▼

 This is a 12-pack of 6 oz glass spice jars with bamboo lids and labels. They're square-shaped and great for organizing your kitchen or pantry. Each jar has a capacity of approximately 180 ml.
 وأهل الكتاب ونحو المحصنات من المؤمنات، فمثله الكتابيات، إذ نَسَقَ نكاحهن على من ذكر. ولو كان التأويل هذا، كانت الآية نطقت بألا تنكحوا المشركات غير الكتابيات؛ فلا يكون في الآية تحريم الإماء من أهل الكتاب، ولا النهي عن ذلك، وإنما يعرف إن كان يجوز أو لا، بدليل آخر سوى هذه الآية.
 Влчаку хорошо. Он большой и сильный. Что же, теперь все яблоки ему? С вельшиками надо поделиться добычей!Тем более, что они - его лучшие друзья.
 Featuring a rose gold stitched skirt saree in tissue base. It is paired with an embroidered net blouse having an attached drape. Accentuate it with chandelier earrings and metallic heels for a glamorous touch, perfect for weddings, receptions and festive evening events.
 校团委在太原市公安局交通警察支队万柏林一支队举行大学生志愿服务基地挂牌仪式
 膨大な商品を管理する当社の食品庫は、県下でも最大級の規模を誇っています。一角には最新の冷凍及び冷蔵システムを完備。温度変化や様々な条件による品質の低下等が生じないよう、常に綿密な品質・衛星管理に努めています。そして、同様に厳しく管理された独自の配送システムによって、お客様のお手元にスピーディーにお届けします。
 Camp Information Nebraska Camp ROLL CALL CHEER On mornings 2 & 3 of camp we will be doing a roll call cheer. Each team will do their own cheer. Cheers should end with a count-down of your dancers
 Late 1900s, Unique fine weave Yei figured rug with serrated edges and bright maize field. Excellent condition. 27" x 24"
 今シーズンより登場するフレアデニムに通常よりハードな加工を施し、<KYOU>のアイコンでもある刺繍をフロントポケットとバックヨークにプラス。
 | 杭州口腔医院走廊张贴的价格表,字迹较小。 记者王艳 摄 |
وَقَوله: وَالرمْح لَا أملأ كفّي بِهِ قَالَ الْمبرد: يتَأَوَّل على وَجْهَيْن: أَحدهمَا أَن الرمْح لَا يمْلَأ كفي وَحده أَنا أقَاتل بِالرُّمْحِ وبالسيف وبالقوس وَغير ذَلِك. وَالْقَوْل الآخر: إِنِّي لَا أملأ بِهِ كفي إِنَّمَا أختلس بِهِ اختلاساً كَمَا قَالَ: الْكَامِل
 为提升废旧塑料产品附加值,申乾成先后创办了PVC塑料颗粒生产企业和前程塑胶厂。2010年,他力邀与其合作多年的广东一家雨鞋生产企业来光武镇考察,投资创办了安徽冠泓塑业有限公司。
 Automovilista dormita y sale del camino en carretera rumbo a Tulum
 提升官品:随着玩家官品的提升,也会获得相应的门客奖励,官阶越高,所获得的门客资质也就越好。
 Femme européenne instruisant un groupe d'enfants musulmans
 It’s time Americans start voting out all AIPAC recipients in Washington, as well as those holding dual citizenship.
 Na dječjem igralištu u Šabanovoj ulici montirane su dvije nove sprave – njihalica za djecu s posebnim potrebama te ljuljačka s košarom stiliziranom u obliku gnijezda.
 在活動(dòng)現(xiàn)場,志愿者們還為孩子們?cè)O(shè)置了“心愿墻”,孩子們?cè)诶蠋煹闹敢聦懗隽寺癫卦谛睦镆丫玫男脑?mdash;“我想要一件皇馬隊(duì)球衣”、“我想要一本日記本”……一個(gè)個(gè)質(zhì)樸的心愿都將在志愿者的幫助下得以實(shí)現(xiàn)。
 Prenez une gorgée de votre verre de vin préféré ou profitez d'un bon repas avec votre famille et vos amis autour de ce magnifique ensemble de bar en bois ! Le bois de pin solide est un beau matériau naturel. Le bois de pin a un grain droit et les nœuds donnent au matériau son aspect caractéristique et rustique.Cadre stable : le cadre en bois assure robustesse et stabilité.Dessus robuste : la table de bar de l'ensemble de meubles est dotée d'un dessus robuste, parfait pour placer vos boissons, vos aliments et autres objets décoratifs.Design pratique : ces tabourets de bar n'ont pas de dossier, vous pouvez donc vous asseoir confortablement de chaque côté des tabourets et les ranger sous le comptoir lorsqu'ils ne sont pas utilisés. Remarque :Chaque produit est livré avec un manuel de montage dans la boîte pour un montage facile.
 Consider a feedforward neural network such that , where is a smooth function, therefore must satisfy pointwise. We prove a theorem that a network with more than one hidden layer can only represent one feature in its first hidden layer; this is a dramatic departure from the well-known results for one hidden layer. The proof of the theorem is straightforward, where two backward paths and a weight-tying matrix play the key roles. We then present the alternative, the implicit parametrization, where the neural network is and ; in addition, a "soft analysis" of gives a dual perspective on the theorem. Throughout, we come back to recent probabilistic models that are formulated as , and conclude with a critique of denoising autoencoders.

▲

Description of the task:
Give the count, and only the count, of lines in these records that hold the string "your".

Response:
2